I randomly got this video in my feed, but one of the reasons I like to have a CNC is how many times I can screw up or change the part or scrap the whole idea and move to a differnt idea in prototyping. Material is cheap, screwing up on a design you had a shop make and had to redo is horrendous and it hurts, plus doing the work on your own makes you a better designer and have a better understanding of things, I'm fairly new to all of this but I figure 10 more years amid practice I'll be pretty decent
as a small CNC business i really appreciate how you broke this down so simply. nobody realizes the amount of time and effort that goes into making A "SIMPLE PART", let alone the amount of time it takes to get to a high level of manufacturing to produce parts of any size and complexity. This video helps shine a little light on it. thanks
I'm surprised he did that. You never finish a hole from both sides. Even if the hole is split due to a slot, like the smaller hole there. For the best accuracy, must always finish a hole all the way through in one shot.
@@gredangeo well to be honest. These guys are soooo new. Shouldnt even put up videos. It shows people how little they know about precision machining. Hey they are really nice guys no doubt and im an asshole for saying anything. They'll do fine. Slow, but fine. Or not :) i want them to make bux. Its a great profession. I now have vf3 in my home art studio. After a few decades of operating programing designing and engineering.

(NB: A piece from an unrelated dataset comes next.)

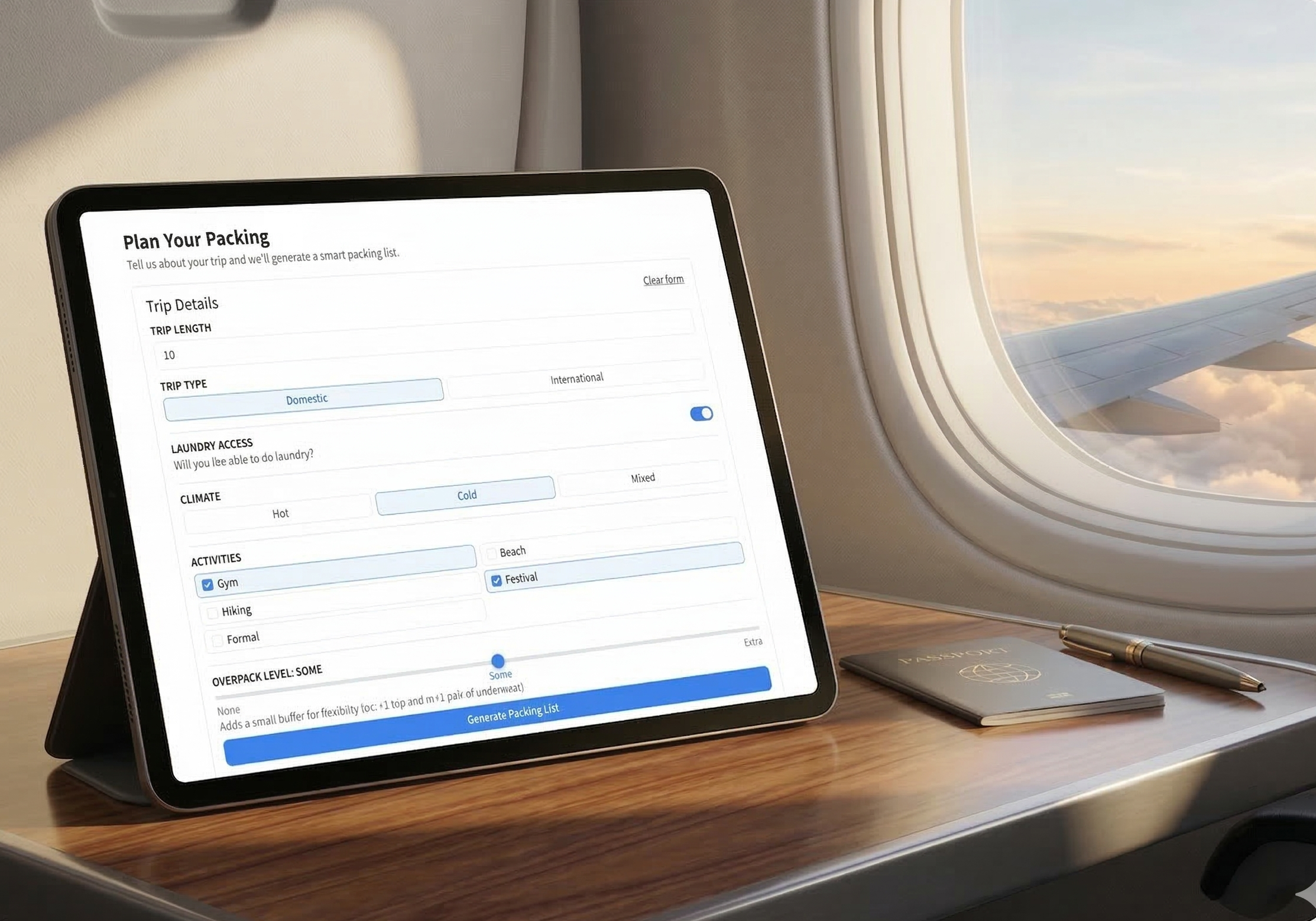A smart packing list generator built around how people actually travel

@@logannewman4532 normally maybe .0005 would be tight for me. Rarely do I have to go that tight. The tightest ive had to hit was .0002. kinda rediciulous but no big deal with good measuring device. St that tolerance temperature changes that pretty easily. I'm thinking those were for a press fit. Freezing the part to be inserted. This type tolerance is probably meant to add as little stress to the part after insertion. It's been so long I haven't thought bout it at all. Usually .001 is adequate. But you do want to do your bores and whatever else lines up all in one setup. I suppose if that hire these guys were doing isn't all that important, the way they did it must have been adequate, I just always use boring bar from one side of course. I can't remember if they mentioned any tolerances. I'm just use to making parts and assemblies that weigh 300+ pounds and spin 3600 rpm :) what I've done is nothing compared to what's done out there in the world. Amazing engineering and machining is done daily like it's nothing. I am nothing. I'm aware. :)
@@oceanic8424 Because sadly the computer nerds virtual world doesnt translate into the real world of machining. You can give me a print of what you want me to make but I have to design and build fixturing for it which costs time and money.
If you look at this part, it's a perfect shape for an aluminum extrusion. If we talk mass production. The extrusion production be outsources cheap and easy. The part just needs minimal CNC treatment and less material is wasted.
I dont know if its possible for aluminium, but I saw parts like this weld together from pipe with laser cut and bent plate. If you need tolerances you still have some materiał left for machining.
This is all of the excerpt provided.